You won't find the word "basil" in the standards. Nor "seedling" or "fertilizer",  or "wheat" or "bread." No mud or ooze or rot or urine. The only time "death" is used is to define the end of a star.

The science standards are crisp and clean, and I'm being churlish, true. But there's more to be learned from the tiny basil seed  than from the religiosity of a badly presented cosmology.



So we will continue to sow in B362.



















4 comments:

Unknown said...

I quit loving science when it became a religion. Yet, oddly enough it was religion (or perhaps spirituality or faith or whatever it is that introduced me to grace) that helped me recover my love of science.

doyle said...

Dear John,

Ironically, I quit loving religion when it became a science, but found my way back to it through grace in nature.

I don't think either of us handles didactics well.

Kathryn J said...

There is so much to think about in this post. I am teaching environmental science this year. I was turned down when I requested to take the students outside at the beginning of the year. I still don't understand how they could study this topic from inside the classroom only.

We just finished another round of bubbling in the scantrons and are starting second semester. We are going to do seed starting and some bottle biology projects - a sorry substitute for fieldwork but a good use for the greenhouse just off my classroom.

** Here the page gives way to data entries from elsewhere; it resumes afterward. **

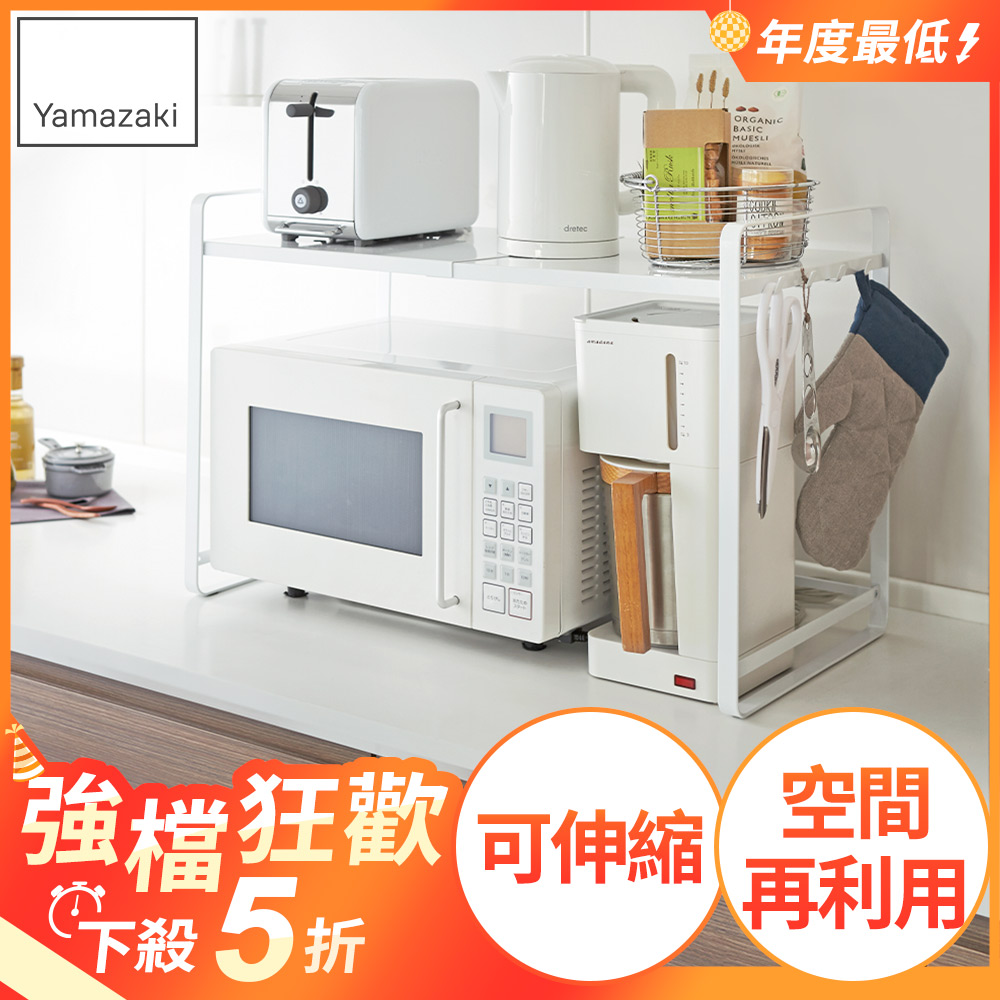 日本【YAMAZAKI】tower伸縮式微波爐架(白)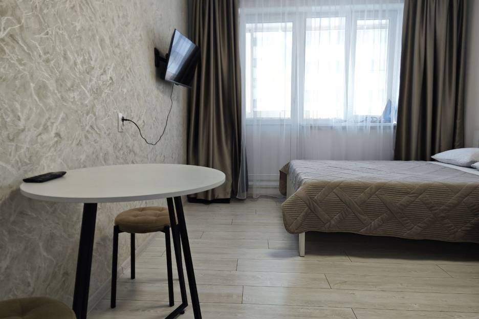 Уютная студия в новом доме для семейного отдыха и деловых поездок. Квартира оборудована всем необходимым для проживания.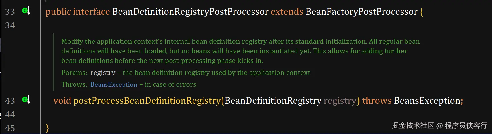 可见,该接口是BeanFactory的后置处理器,在创建Bean实例前,干涉 BeanDefinition 创建和更新。 仅有一个方法: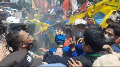 Aksi Unjuk Rasa Ratusan Mahasiswa Tolak Kenaikan Harga BBM di Kota Mojokerto, Ricuh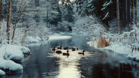 A family of ducks swimming in the unfrozen section of a river in a snowy forest.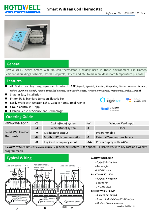 HTW-WF01-FC series Smart Wifi fan coil thermostat is widely used in these environment like Homes,
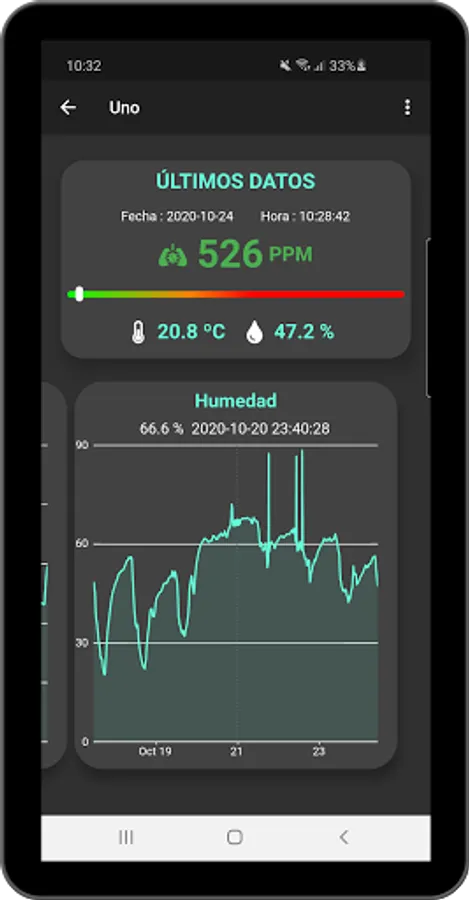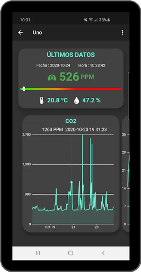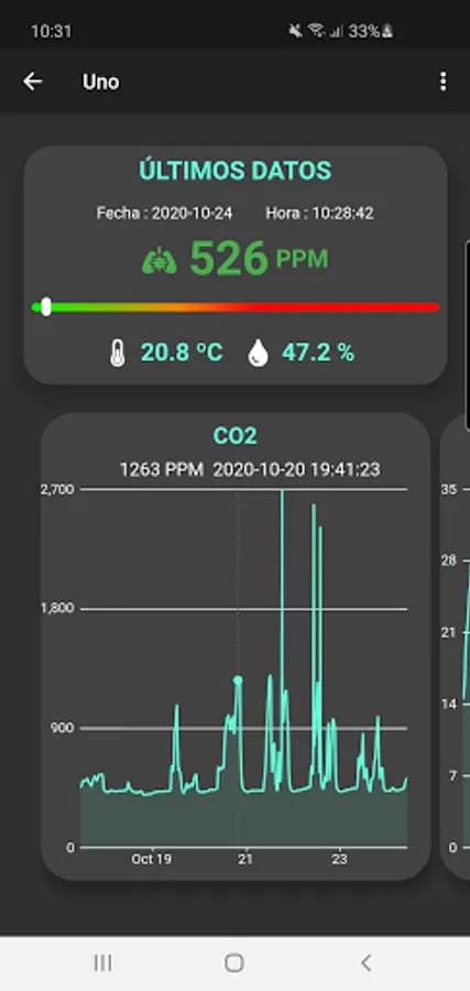 With the application, the data of these measurements are displayed and the ventilation conditions of the place where the sensor has been installed can be evaluated in real time.

I see that you stopped by my blog - new school, 4 different preps = no time for public reflection. Perhaps someday I'll start blogging again but at least I'm finding time to read them.

Thanks for the inspiration! I was thinking seeds and bottle biology - now I know that it's time to do it!

doyle said...

Dear Kathryn,

Great to hear you're tearing it up in the classroom.

First year is RIDICULOUSLY hard!!! 4 preps is also ridiculously hard.

It will get better.

I get my kids outside by making it a field trip, permission slips and all. Might be one way to go. (A bit of a hassle, true, but the returns are huge, especially once spring rolls around....)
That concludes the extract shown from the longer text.